YOUR ASSIGNMENT » Would you restate each line of the data below word for word, without its pictures?

DATA EXCERPT »
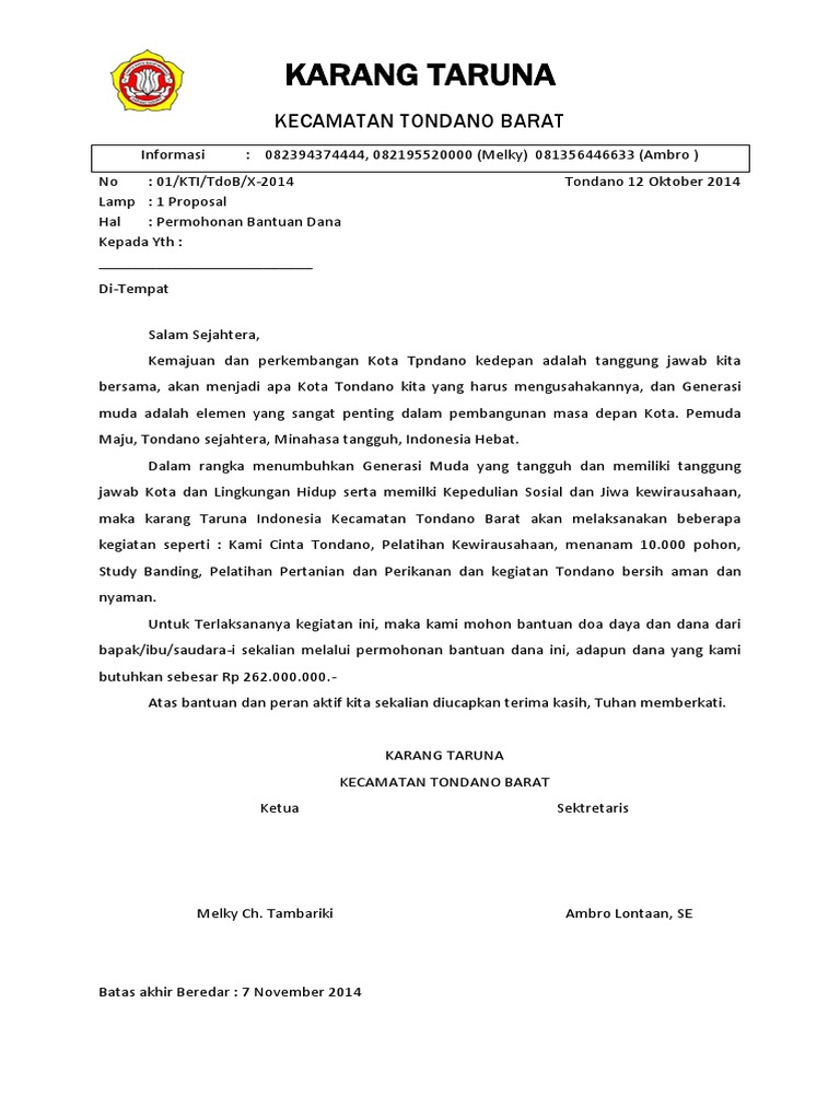 CONTOH PROPOSAL DAN KARANG TARUNA - 123dok CONTOH PROPOSAL KARANG TARUNA. Nomor : 01/ OVEX/IX/2012 Kepada : Lampiran : 1 ( Satu) Bundel Yth. Bapak Bupati . Perihal ... Demikian proposal pengajuan bantuan dana ini kami sampaikan, sudilah kiranya Bapak untuk dapat memperhatikan serta kami sampaikan banyak terima kasih. ... Contoh Proposal Bantuan Dana Karang Taruna "Kesuma ... Contoh Proposal Bantuan Dana Karang Taruna "Kesuma". MTJ Blog di 19.06 Karang Taruna, Proposal, Contoh Proposal Karang Taruna meliputi bagian dari contoh proposal tenis meja, pembiayaan pembuatan program karang taruna, Permohoan Bantuan Dana karang taruna. nastain.com › contoh-proposal-bantuan-danaContoh Proposal Bantuan Dana Paling Lengkap - Nastain.com Jan 01, 2019 · Pengajuan proposal ini bertujuan untuk memberikan gambaran acara peringatan Maulid Nabi berupa Pengajian Akbar sebagai kegiatan rutin yang dilakukan oleh Karang Taruna Dusun Kedungrejo, Sambimulyo. Pengajuan proposal ini bertujuan untuk memohon bantuan dana untuk menyelenggarakan kegiatan pengajian akbar dalam rangka peringatan Maulid Nabi SAW. Proposal Permohonan Bantuan Dana karang taruna 02 Proposal ini kami buat guna menyalurkan aspirasi rekan muda yang sangat antusias dalam kegiatan karang taruna dan sebagai wujud tanggung jawab kami sebagai pengurus melihat kondisi sarana bagi karang taruna yang kurang memadai. Besar harapan kami mudah-mudahan kebutuhan kami dapat terakomodir serta terealisasi. Amin.
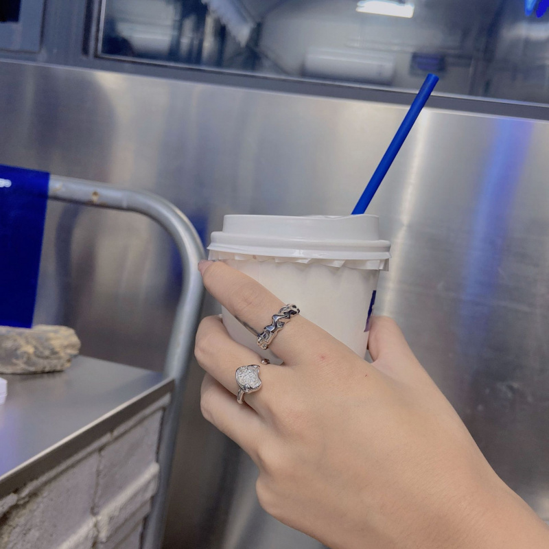 Witther原创抽象花朵戒指小众设计不对称肌理冷淡风男女开口戒指
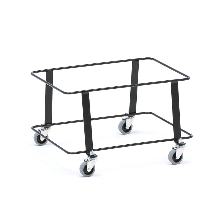 Wózek na koszyki z czterema kołami skrętnymi do łatwiejszego transportowania plastikowych koszyków sklepowych. Wytrzymały i praktyczny wózek na koszyki, ułatwiający zbieranie i przenoszenie wielu koszyków w tym samym czasie, np. od wejścia do wyjścia sklepu, unikając podnoszenia ciężaru i nadwyrężania kręgosłupa. Wózek wykonany z czarnej, lakierowanej stali, wyposażony w kółka samonastawne.
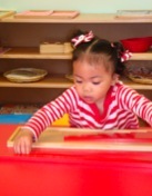The clear and simple construction of the sensorial material appeals to the child and assists him or her to develop, broaden and refine his or her sense of perception of color, shape, size, form, sound, touch, taste and smell.

YOUR RESPONSE »
 CONTOH PROPOSAL DAN KARANG TARUNA - 123dok CONTOH PROPOSAL KARANG TARUNA. Nomor : 01/ OVEX/IX/2012 Kepada : Lampiran : 1 ( Satu) Bundel Yth. Bapak Bupati . Perihal ... Demikian proposal pengajuan bantuan dana ini kami sampaikan, sudilah kiranya Bapak untuk dapat memperhatikan serta kami sampaikan banyak terima kasih. ... Contoh Proposal Bantuan Dana Karang Taruna "Kesuma ... Contoh Proposal Bantuan Dana Karang Taruna "Kesuma". MTJ Blog di 19.06 Karang Taruna, Proposal, Contoh Proposal Karang Taruna meliputi bagian dari contoh proposal tenis meja, pembiayaan pembuatan program karang taruna, Permohoan Bantuan Dana karang taruna. nastain.com › contoh-proposal-bantuan-danaContoh Proposal Bantuan Dana Paling Lengkap - Nastain.com Jan 01, 2019 · Pengajuan proposal ini bertujuan untuk memberikan gambaran acara peringatan Maulid Nabi berupa Pengajian Akbar sebagai kegiatan rutin yang dilakukan oleh Karang Taruna Dusun Kedungrejo, Sambimulyo. Pengajuan proposal ini bertujuan untuk memohon bantuan dana untuk menyelenggarakan kegiatan pengajian akbar dalam rangka peringatan Maulid Nabi SAW. Proposal Permohonan Bantuan Dana karang taruna 02 Proposal ini kami buat guna menyalurkan aspirasi rekan muda yang sangat antusias dalam kegiatan karang taruna dan sebagai wujud tanggung jawab kami sebagai pengurus melihat kondisi sarana bagi karang taruna yang kurang memadai. Besar harapan kami mudah-mudahan kebutuhan kami dapat terakomodir serta terealisasi. Amin.
 Witther原创抽象花朵戒指小众设计不对称肌理冷淡风男女开口戒指
 Wózek na koszyki z czterema kołami skrętnymi do łatwiejszego transportowania plastikowych koszyków sklepowych. Wytrzymały i praktyczny wózek na koszyki, ułatwiający zbieranie i przenoszenie wielu koszyków w tym samym czasie, np. od wejścia do wyjścia sklepu, unikając podnoszenia ciężaru i nadwyrężania kręgosłupa. Wózek wykonany z czarnej, lakierowanej stali, wyposażony w kółka samonastawne.
The clear and simple construction of the sensorial material appeals to the child and assists him or her to develop, broaden and refine his or her sense of perception of color, shape, size, form, sound, touch, taste and smell.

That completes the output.